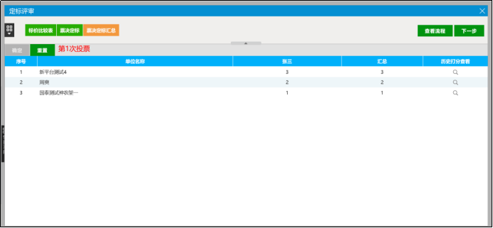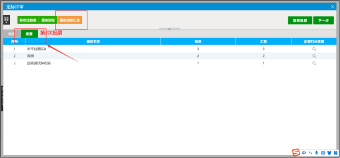 (3)点击【票决定标汇总】按钮,组长需对各评委的评审结果进行汇总。
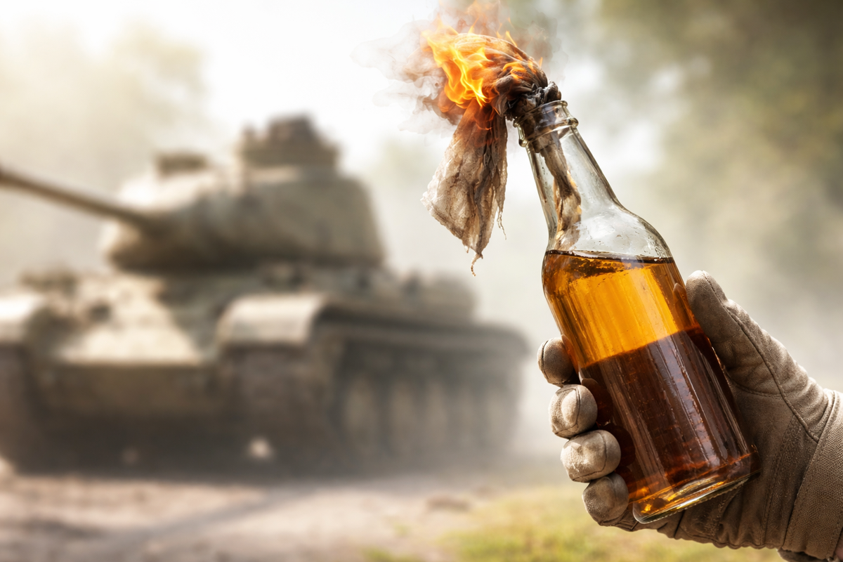 Коктейль Молотова — это оружие отчаяния. Это символ сопротивления, когда у тебя нет ничего, кроме ярости и пустой тары. Психологически это мощно — показать врагу, что даже земля под его гусеницами будет гореть. Но технически... Если мы берем современный конфликт, то да, утверждение верно: для оператора эта бутылка представляет куда большую угрозу, чем для бронированной машины. Танк уедет, отряхнется и продолжит бой. А смельчак с обгоревшими руками останется лежать в пыли.
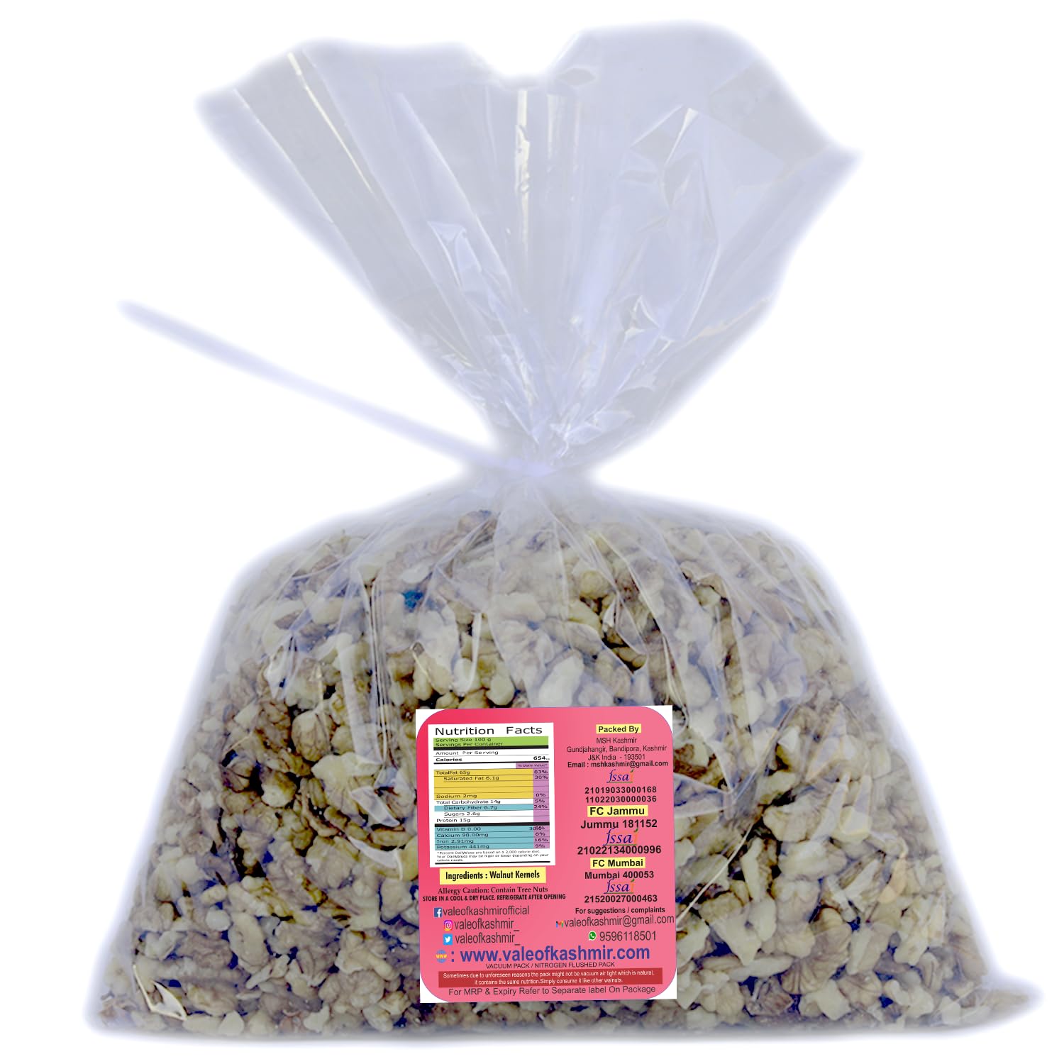 Vale Of Kashhmir Walnut Kernels Broken 500 Grams, Organic Kashmiri Walnuts
****
EXERCISE. Return the full material word for word. Do not include the pictures.

RESULT OF THIS TASK.
 (3)点击【票决定标汇总】按钮,组长需对各评委的评审结果进行汇总。
 Коктейль Молотова — это оружие отчаяния. Это символ сопротивления, когда у тебя нет ничего, кроме ярости и пустой тары. Психологически это мощно — показать врагу, что даже земля под его гусеницами будет гореть. Но технически... Если мы берем современный конфликт, то да, утверждение верно: для оператора эта бутылка представляет куда большую угрозу, чем для бронированной машины. Танк уедет, отряхнется и продолжит бой. А смельчак с обгоревшими руками останется лежать в пыли.
 Vale Of Kashhmir Walnut Kernels Broken 500 Grams, Organic Kashmiri Walnuts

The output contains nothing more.